Костюмы данной пары вполне соотносятся с образами из военных карикатур: женщина одета в сарафан и рубаху, только на ее голове не кокошник или повязка, как у сельских женщин, а повязанный вокруг головы платок. Мужское одеяние состоит из лаптей, портков, подпоясанной бечевой рубахи и бесформенной шляпы с загнутыми полями. В данном костюме нет экзотики и декоративных деталей, но есть узнаваемая простота повседневной одежды. Она дополнена социальными атрибутами странников: заплечная сума, посох, запасные лапти у мужчины и связанные скрученной тканью два берестяных короба у женщины.
Впрочем, костюмы персонажей не находятся в центре зрительского внимания. Их детали лишь угадываются за «закрытыми» позами изображенных людей. Объяснить эту визуальную стратегию позволяют слова идейного вдохновителя данного журнала, Павла Свиньина, извлеченные из его более раннего произведения. В англоязычных очерках о России он писал, что сам по себе костюм не делает человека «русским», это что-то внутреннее, что «проявляется в каждом поступке и каждой привычке – от развлечений до способов передвижения»[617].

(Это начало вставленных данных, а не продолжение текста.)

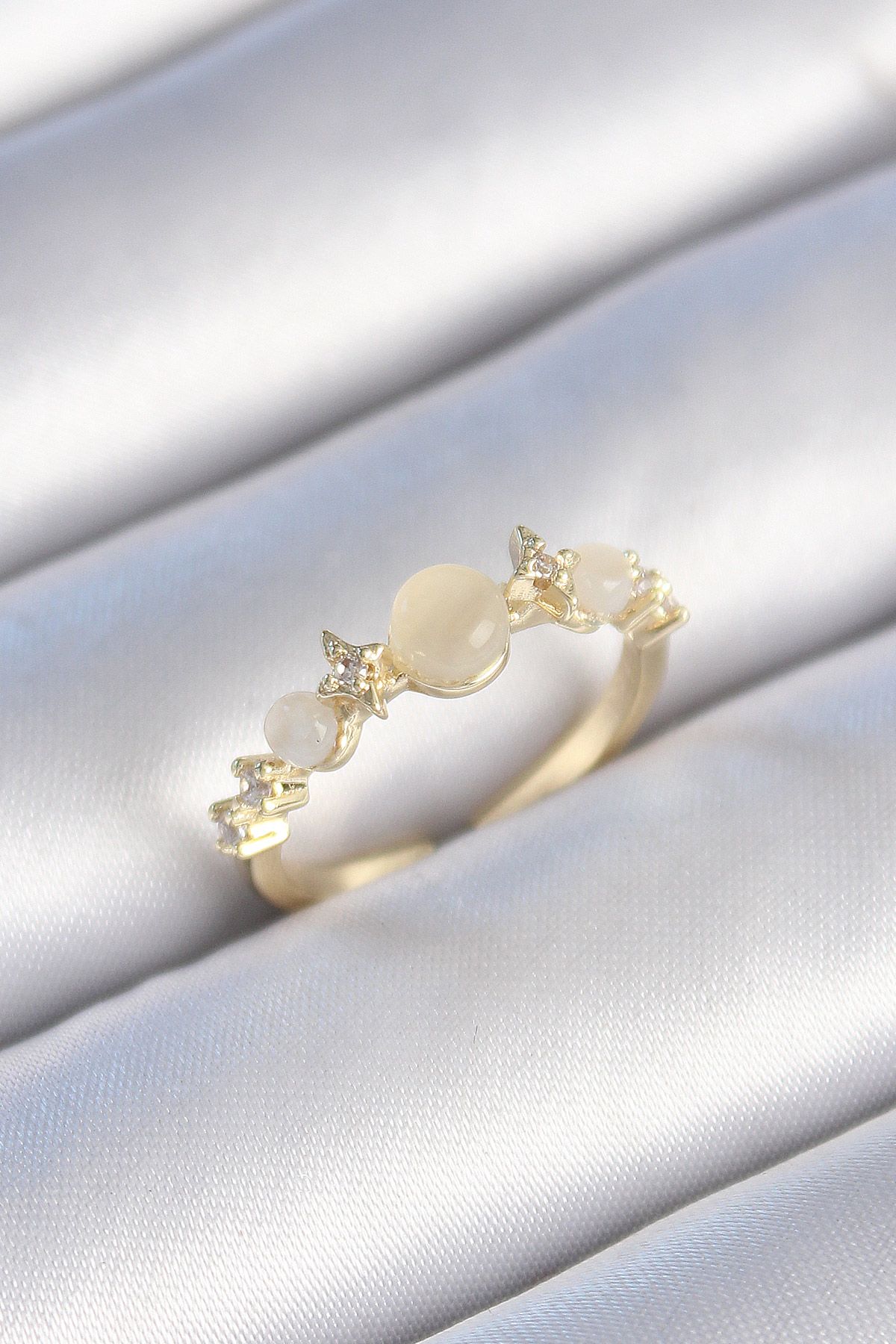 Pirinç Gold Renk Zirkon Taşlı Yıldız Detay Beyaz Mineli Kadın Yüzük - TJ-BYK3440

Другое его высказывание более позднего времени является ключом к прочтению графического образа крестьянина. В полуобороте его головы видно, что изображенный мужчина бородат и что его довольно длинные волосы сбились в нечесаные пряди. Но то, что с точки зрения несведущего иностранца было бы очевидным свидетельством нечистоплотности и варварства, таковым на самом деле не является. «Часто, – объяснял П.П. Свиньин читателям, – нечесаная борода и лоскутная сермяга покрывают великий талант Русского скульптора, химика, резчика»[618]. Итак, внешность русского мужика скрывает иную суть. Только иностранцы думают, что эта суть варварская, а на самом деле это интеллект и внутренняя утонченность.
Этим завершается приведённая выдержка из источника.